The Invesco S&P Equal Weight Fund (RSP B+) uses a novel strategy of equally weighting allocations across the S&P 500. This diversifies exposure and avoids overweighting. Equal weighting tends to outperform more conventional strategies. Merging that tactic with ESG, as is done with the Invesco ESG S&P Equal Weight Fund (RSPE C), brings together two great flavors of investing.

ESG Is in the Screeners

Despite its surge in popularity, ESG investing is still young, and the methodologies for how it is approached are still evolving. General ESG metrics can be vague and open the door for green-washing, and conversations are ongoing for how to have the most actual impact.

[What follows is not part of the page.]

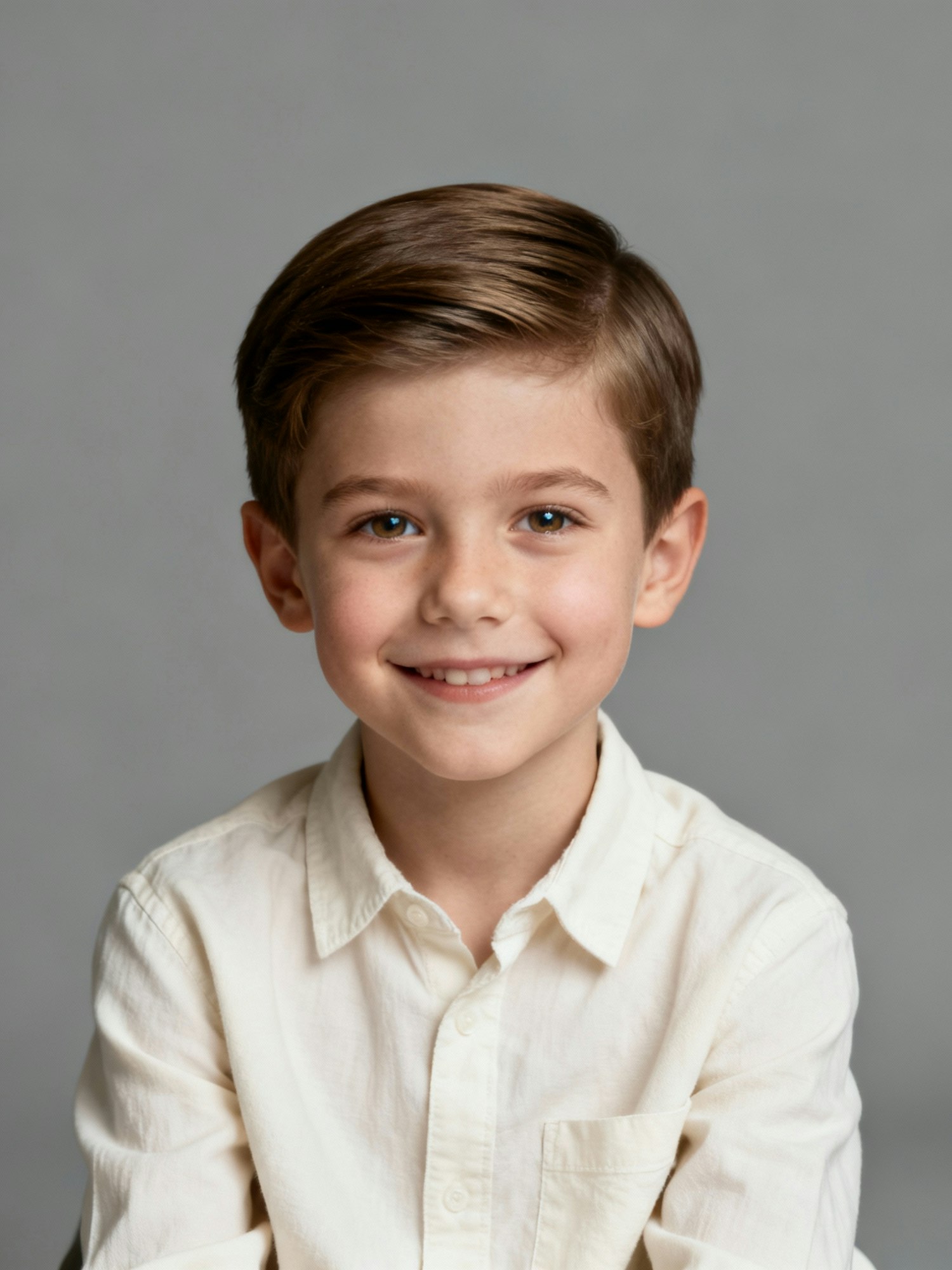 Editorial studio portrait of a child, around 6 years old german boy ; joyful and calm expression, eyes bright and natural; clean, cohesive style for a global portrait series. Lighting: clamshell setup with soft key and gentle rim, balanced at 5500 K for even skin tone; soft reflection on eyes for a natural glow. Backdrop: neutral seamless (mid-gray with subtle vignette). Lens: 105 mm macro-sharp detail; photorealistic, editorial quality. Skin: light skin, neutral undertone; chestnut hair combed neatly Clothing: cream cotton shirt; gentle smile Expression: genuine joy, calm confidence. Negative: harsh shadows, filters, brand logos, watermark, exaggerated features, overly stylized lighting.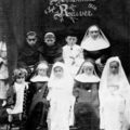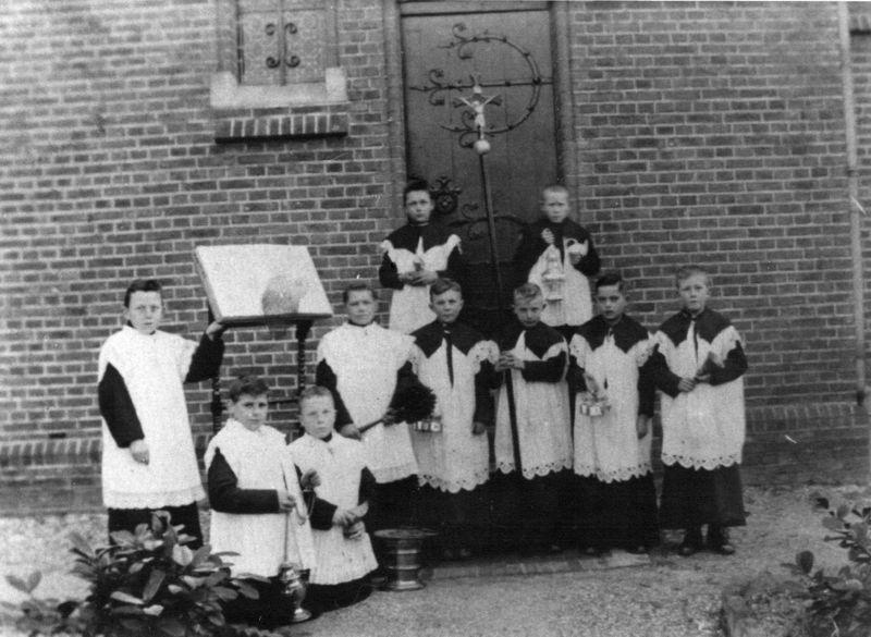 Misdienaars voor de sacristie rond 1920. H. Kleyne W. Thijssen , P. Kleyne , J. Thijssen ?, Rovers Van Diek (van het café bij station), H.Litjens, J. Schoolmeester, H. Pubben, H. Rijnders. namen J. Schoolmeesters. |

This is why RSPE’s ESG methodology is particularly impressive. RSPE takes the universe of the S&P 500 and screens out an array of companies based on a granular list of exclusions that includes:

  • Arctic oil & gas exploration
  • Alcoholic beverages
  • Assault weapons
  • Cannabis production or distribution
  • Controversial weapons
  • Genetically modified plants and seeds
  • Gambling
  • Military contracting
  • Nuclear power
  • Oil and gas exploration, production, generation, refinement, transportation, and storage
  • Oil sands extraction
  • Palm oil production and distribution
  • Pesticides
  • Riot control weapons
  • Shale energy extraction
  • Small arms
  • Thermal coal
  • Tobacco

This specificity gets around some of the issues that broader ESG screeners fall into, where oil and gas companies can end up in ESG funds on a technicality, or environmentally conscious weapons firms can sneak into an ESG index that only focuses on the environment.

RSPE also retains the same advantage of broad, diversified exposure that makes RSP such an effective fund.

Sustainable investing currently sits at $8 trillion today. According to an article in Barron’s, it could reach $30 trillion by the end of the decade.